PROBLEM DETAILS: Please keep pictures out and return the lines below exactly, from the one holding "Freestyling some filo" through the last, both included.

DATA EXCERPTS:
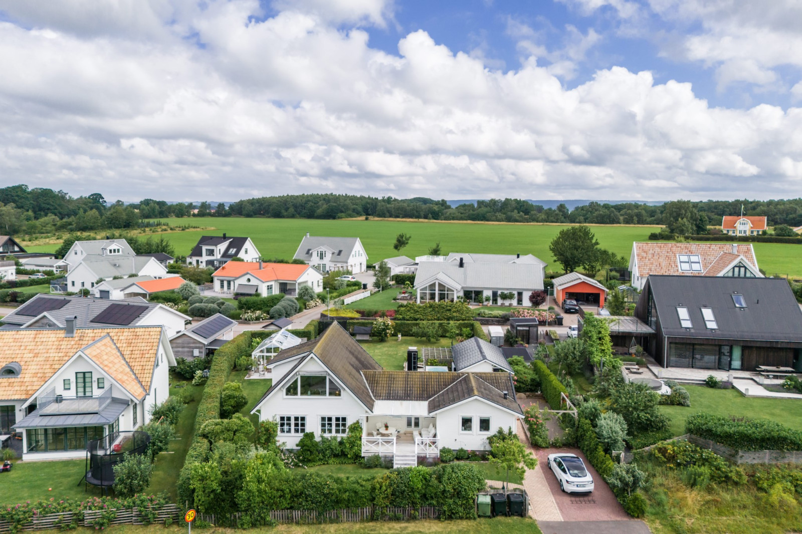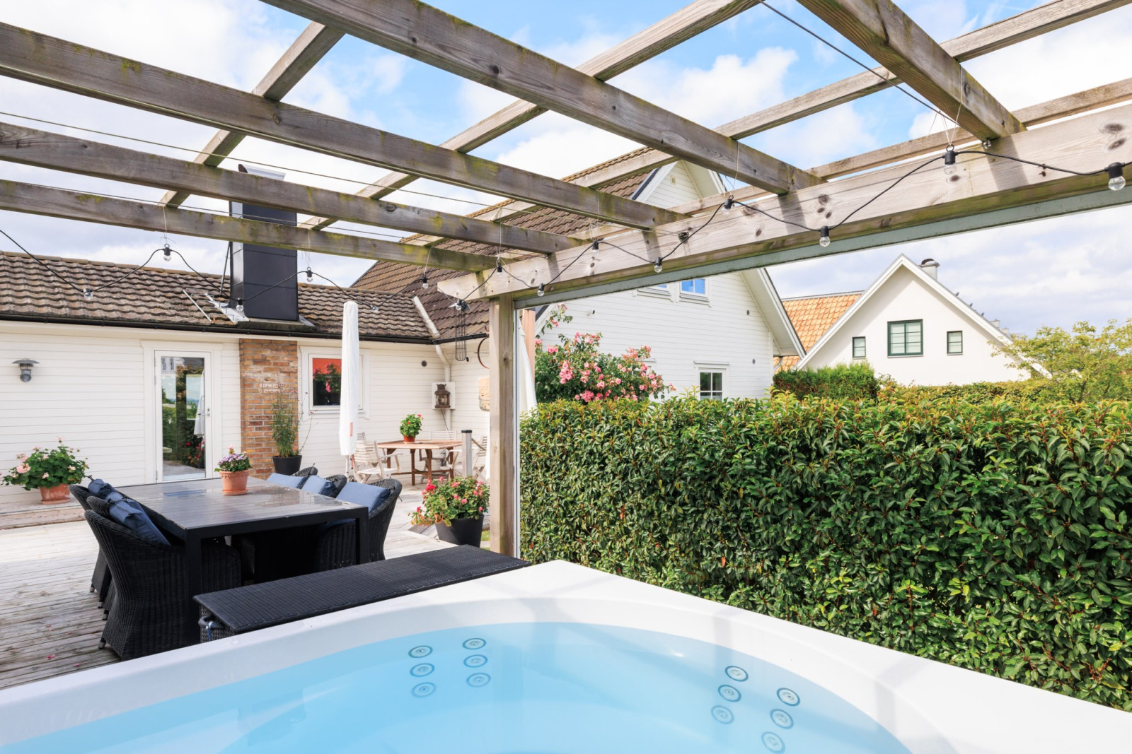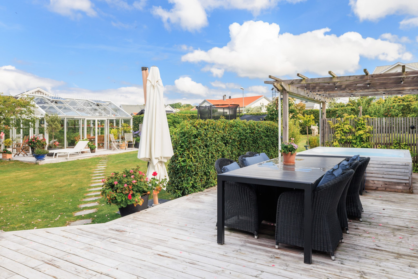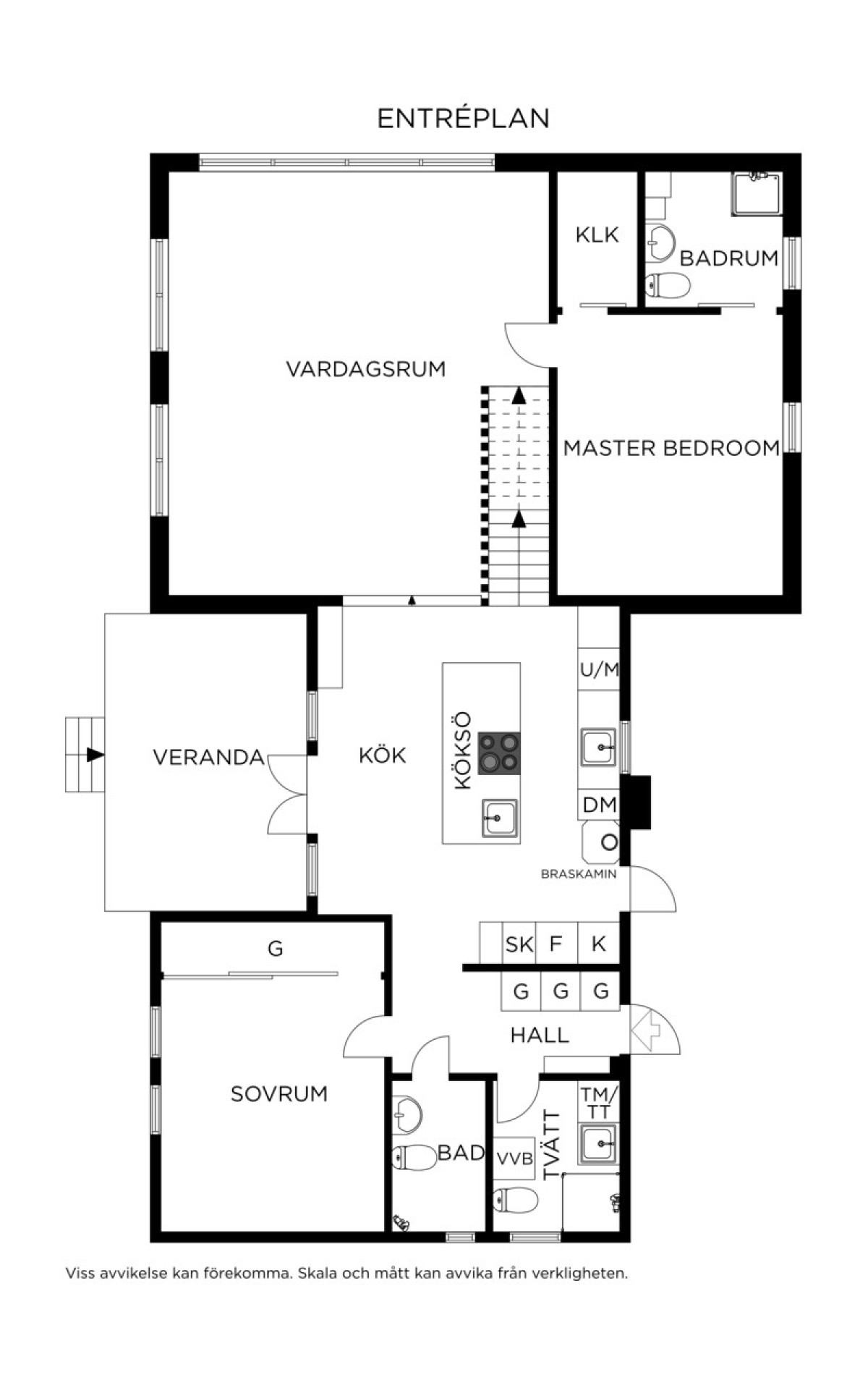 Stort och luftigt vardagsrum integrerat med köket bjuder på generöst ljusinsläpp och härliga sällskapsytor. Här finns gott om plats för både matsalsmöblemang och TV-del med soffgrupp.
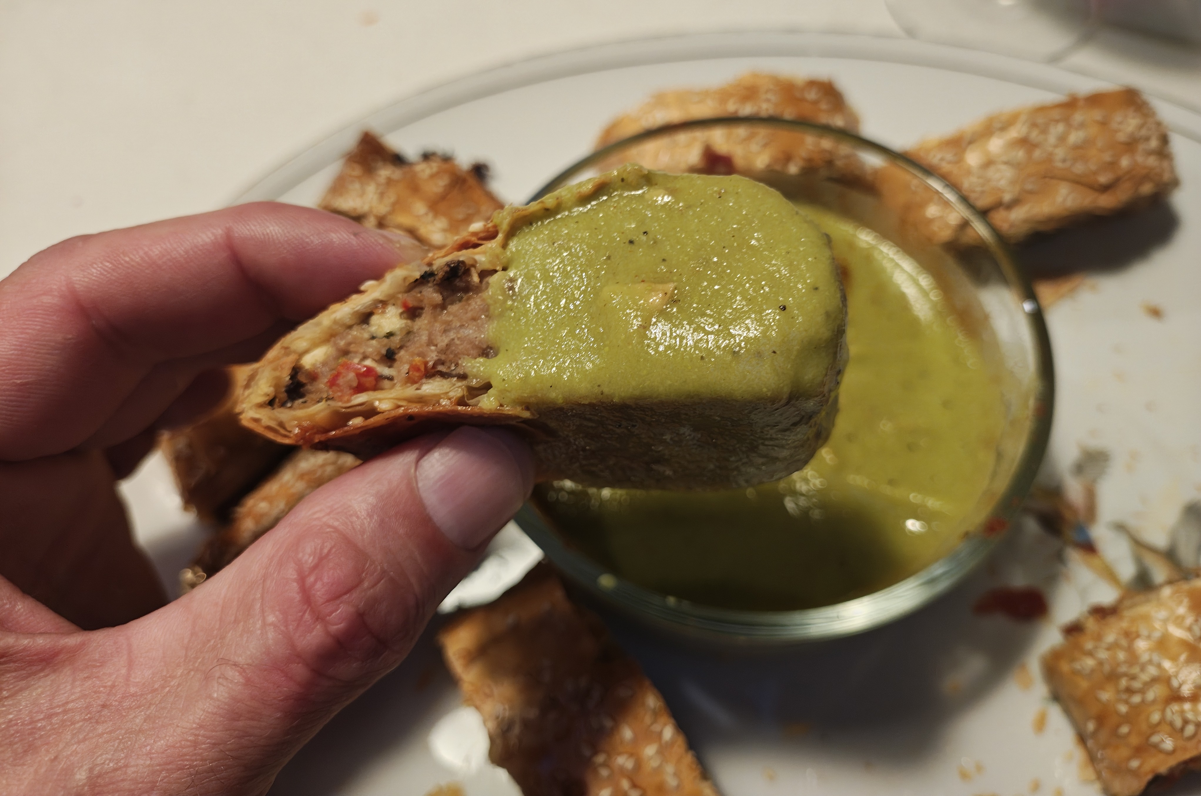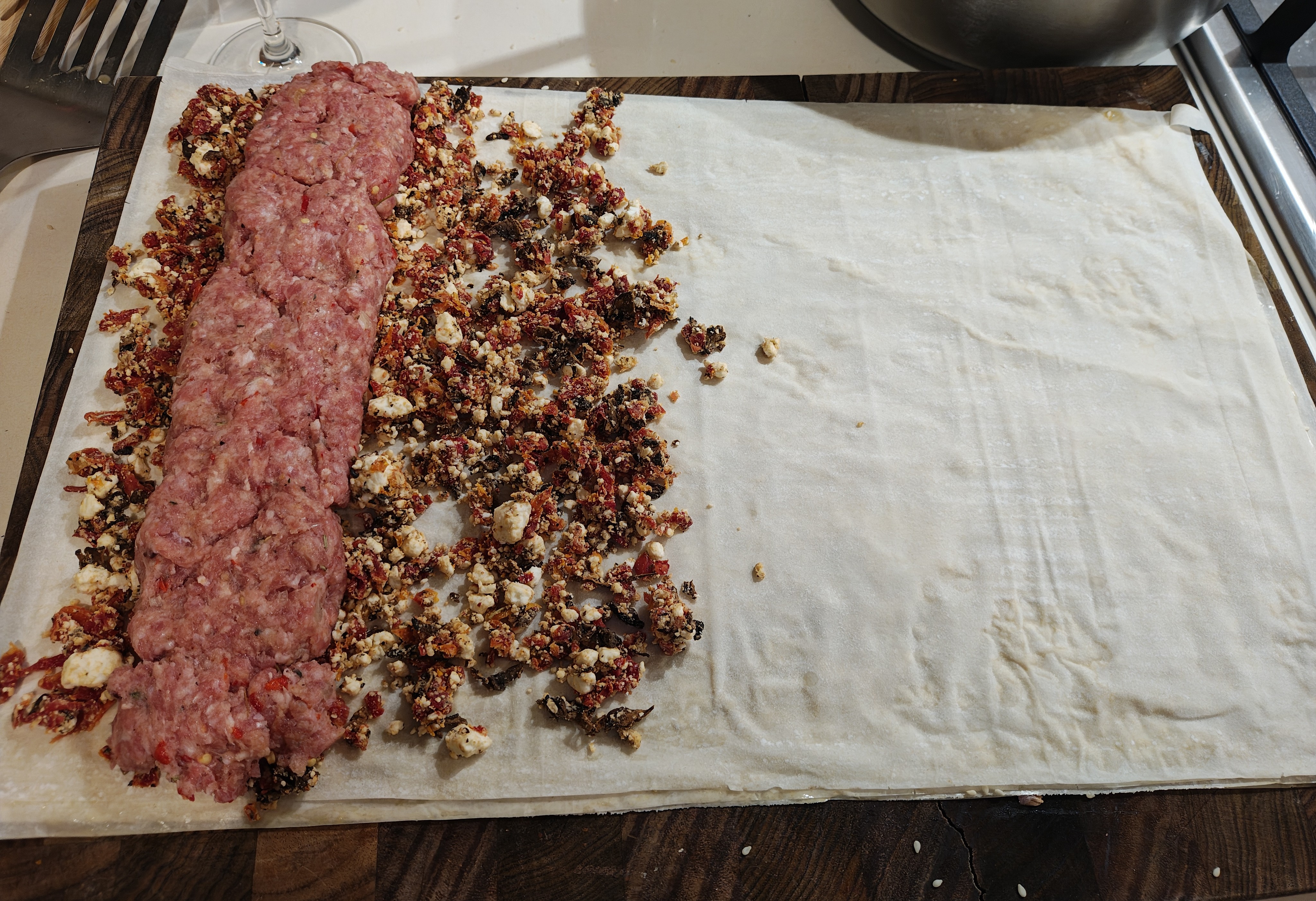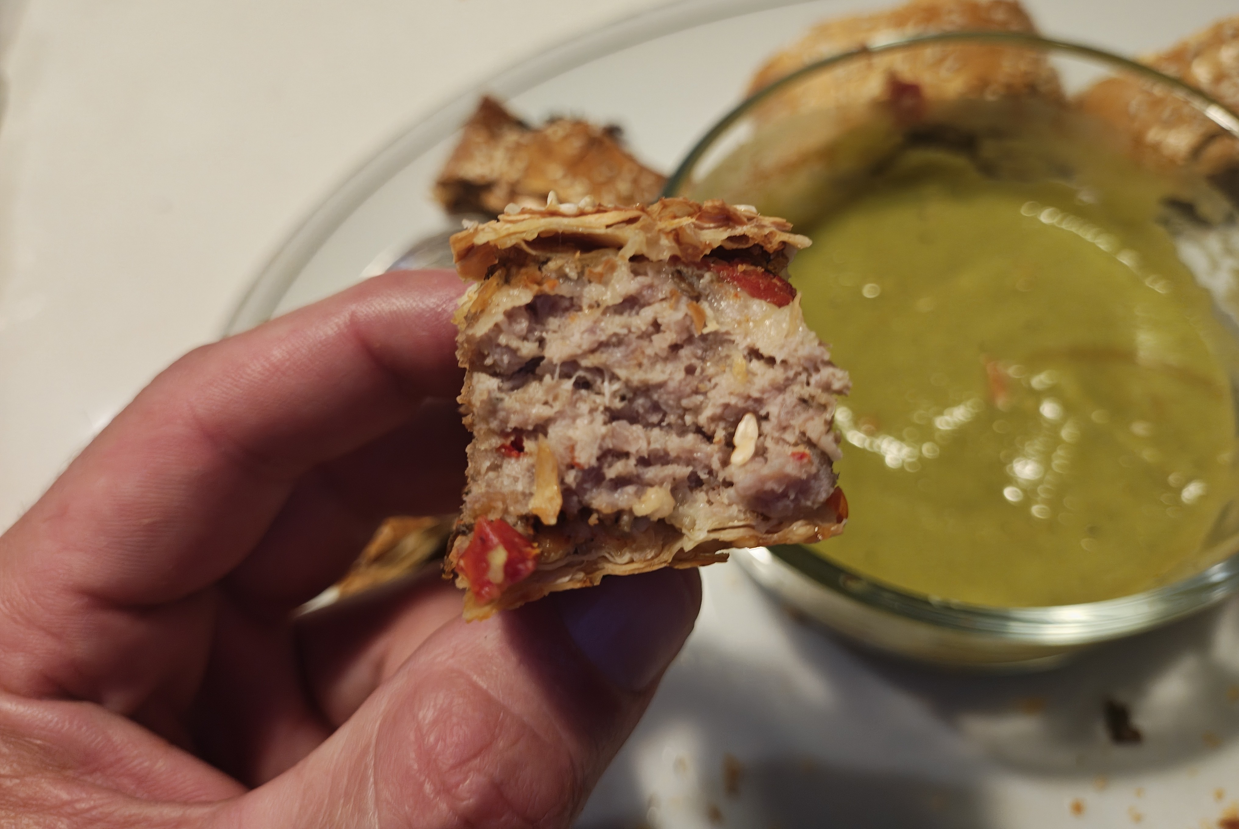 Freestyling some filo pastry chilli sausage rolls with a mushroom, sun-dried tomato, feta and blue cheese duxelle and a pea soup dip.
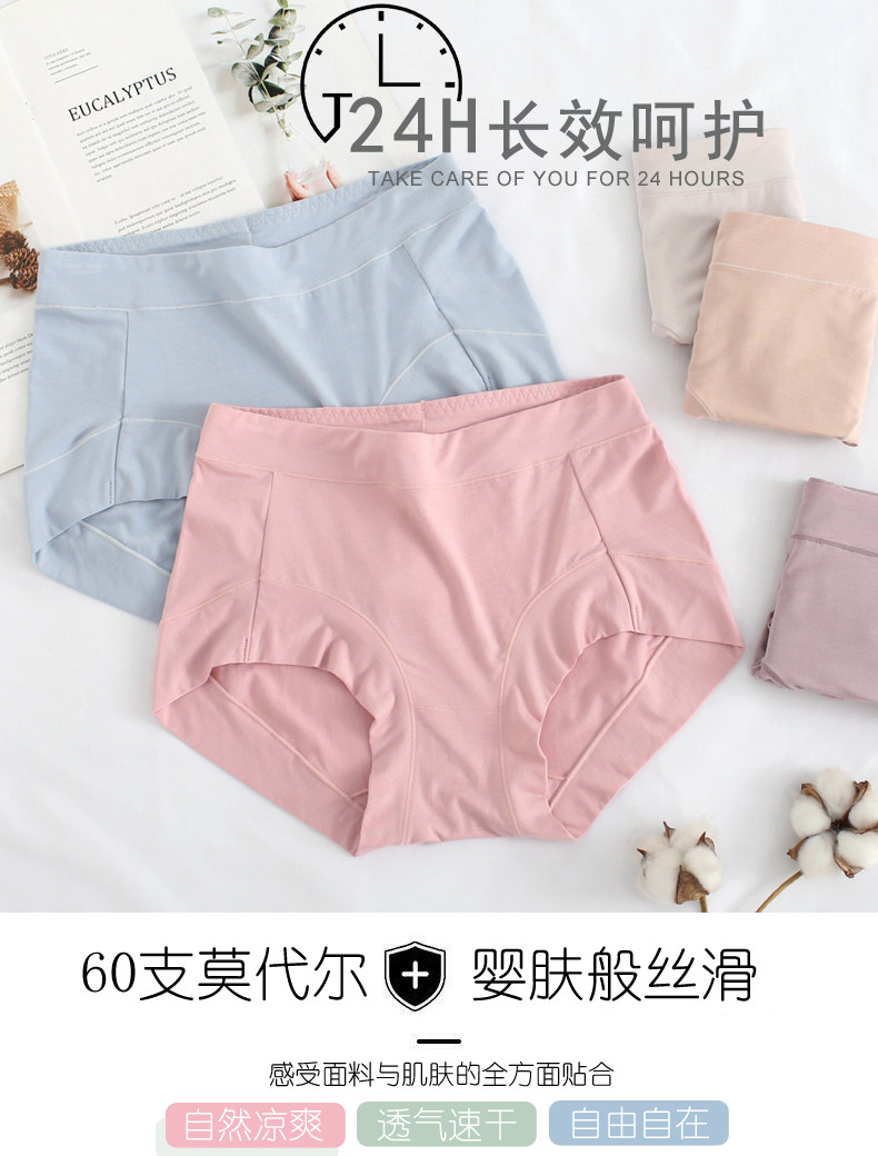 5条装中腰内裤女莫代尔棉简约大码吸湿抗菌舒适竹炭纤维三角裤女
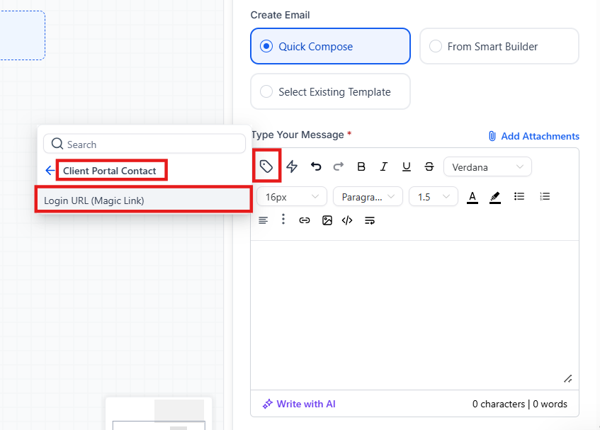 When sending an SMS in a blank workflow, the login URL for a magic link may not appear by default. This occurs because the system requires confirmation that the user is associated with the client portal. To ensure the login URL field is available, use a trigger related to the client portal, such as 'Offer Access Granted.' This action informs the system of the user’s involvement with the portal, enabling the proper generation of the magic link.
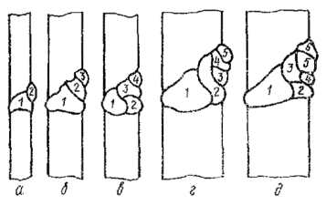 стыкового шва (вариант I): Рис. 4. Схема наложения вертикального

RESULT:
 Freestyling some filo pastry chilli sausage rolls with a mushroom, sun-dried tomato, feta and blue cheese duxelle and a pea soup dip.
 5条装中腰内裤女莫代尔棉简约大码吸湿抗菌舒适竹炭纤维三角裤女
 When sending an SMS in a blank workflow, the login URL for a magic link may not appear by default. This occurs because the system requires confirmation that the user is associated with the client portal. To ensure the login URL field is available, use a trigger related to the client portal, such as 'Offer Access Granted.' This action informs the system of the user’s involvement with the portal, enabling the proper generation of the magic link.
 стыкового шва (вариант I): Рис. 4. Схема наложения вертикального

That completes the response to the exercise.